He put his arms around her. “I’m fine, Mama. I’m safe. See, I have my storm house.”

But she just wrapped her arms around him, held onto him.

“How did you know he was here?” Mrs. Morgan was talking, her voice sounding suddenly frail.

“Gordon Lindholm came into the clinic with Violet Hart. She told us where to find him. I brought your horse and sleigh home.”

Arnie looked up at the voice. The sheriff, in his oversized coat, his sculpted hat. Arnie shrank back from him, remembering the unfinished lines on the board. “I can unhitch him, stable him in the barn for you, if you’d like, Dottie.”

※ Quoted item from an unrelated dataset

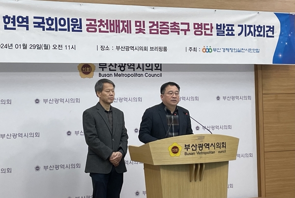 부산경제정의실천시민연합이 제22대 총선을 앞두고 지역 국회의원들에 대한 공천배제 및 검증촉구 명단을 발표했다.

Dottie nodded as Arnie’s mother stood. “Thank you, thank you for taking care of my boy.”

Arnie looked up at her, and Mrs. Morgan smiled down at him. “He’s a very brave boy.”

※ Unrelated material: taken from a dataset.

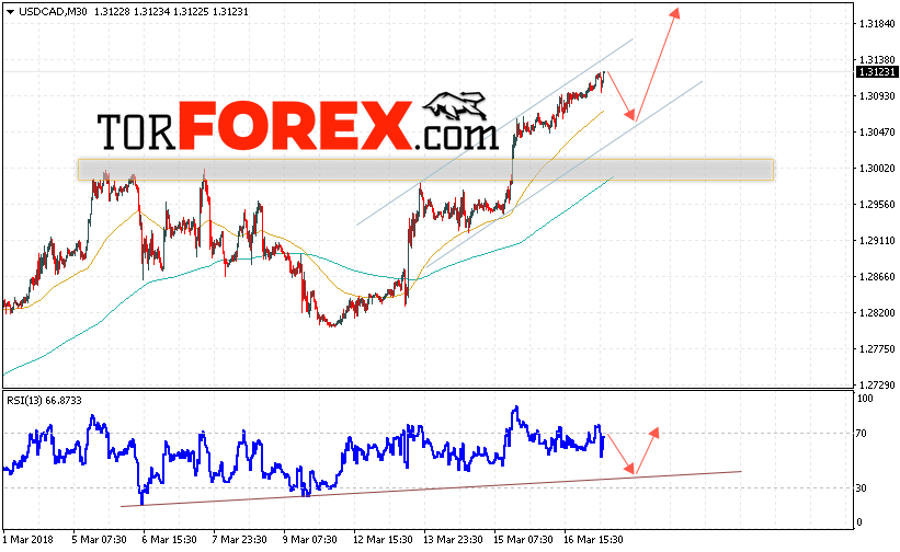 Таким образом, USD/CAD прогноз Канадский Доллар на 20 марта 2018 предполагает попытку теста уровня поддержки вблизи 1.3050 и продолжения роста в область выше уровня 1.3250, дополнительным сигналом в пользу роста выступит тест линии поддержки на индикаторе относительной силы, отменой варианта роста Канадского Доллара станет пробой уровня 1.3010.

“And foolish! He should have never left the school!” But his mother smiled down at him, and he let the tension in his chest uncoil. “I went there straight from the factory, but you were gone.” She looked at Mrs. Morgan. “We stayed there, in the school, all the girls from the mill and me. And another group holed up at the dance hall. Frank Duesy has his snowplow out and is clearing the roads. I followed the sheriff over in the farm truck. Do you need anything?”

Mrs. Morgan wrapped her arms around herself. Shook her head.

His mother took his hand. “Let’s go home, Arnie. Tomorrow is Christmas Day. You don’t want Santa to find you missing.”

But he would find me here.
The words nearly broached his lips. Instead, he nodded and scampered upstairs to change.

At long last our hero escapes the land of Frigia, riding the wily Snow Dragon, with its massive teeth. But he waves good-bye to Queen Fria, as she stands in the doorway of her enchanted castle, bidding him farewell on his journey.

Don’t be frightened, Queen Fria. The Flash won’t forget your great kindness to him and his companions.

CHAPTER THIRTEEN

Sunday, December 25

Jake knew everything about Violet’s life.

At least everything she’d written to Alex. Violet tried to catalogue the stories, but they meshed together into a knot of disbelief.

Jake had been lying to her for over four years. Reading her mail, sending her postcards, nurturing the dream that Alex might be waiting on the other end.

Violet just wanted to flee back to her home, forget about Storm House and Jake Ramsey and the fact that he made her feel like a fool.

A pitiful fool. Because every word out of his mouth only confirmed it.

“You were just so lonely, Violet. And it broke my heart. I know it was wrong for me to read your letters. You have to know I didn’t set out to betray you. I received Alex’s packet and I was curious about this woman who wrote to him. I had to write back, and when you kept writing, I simply couldn’t stop.”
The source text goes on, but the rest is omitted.